When am I contagious and how is the flu spread?
• Most healthy adults may be able to infect other people beginning one day before symptoms develop and up to five to seven days after becoming sick.
• Children may pass the virus for longer than seven days.
• Symptoms start one to four days after the virus enters the body. That means that you may be able to pass on the flu to someone else before you know you are sick, as well as while you are sick.
• Some people can be infected with the flu virus but have no symptoms. During this time, those persons may still spread the virus to others.
• People with flu can spread it to others up to about 6 feet away.
• Most experts think that flu viruses are spread mainly by droplets made when people with flu cough, sneeze or talk. These droplets can land in the mouths or noses of people who are nearby or possibly be inhaled into the lungs.
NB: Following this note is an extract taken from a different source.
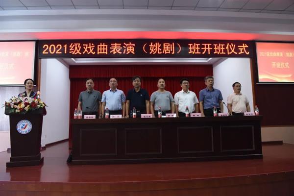 9月17日下午,浙江艺术职业学院戏曲学院党总支书记兼副院长谢青,余姚市文化和广电旅游体育局党委副书记、副局长董斌,余姚市教育局党委委员、副局长张文表,余姚市人社局党委委员、副局长金利明,余姚市财政局行政事业科科长余立,余姚市职业技术学校校长彭金华,余姚市姚剧保护传承中心主任倪乐辉出席2021级戏曲表演(姚剧)班开班仪式,余姚市文化和广电旅游体育局副局长周凌宏主持。

• Less often, a person might also get flu by touching a surface or object that has flu virus on it and then touching their own mouth or nose.

How to avoid the flu
• Get vaccinated
• Stay away from sick people and stay home if sick.
• Wash hands often with soap and water. If soap and water are not available, use an alcohol-based hand rub.
• Linens, eating utensils, and dishes belonging to those who are sick should not be shared without washing thoroughly first. Eating utensils can be washed either in a dishwasher or by hand with water and soap.
• Frequently touched surfaces should be cleaned and disinfected at home, work and school, especially if someone is ill.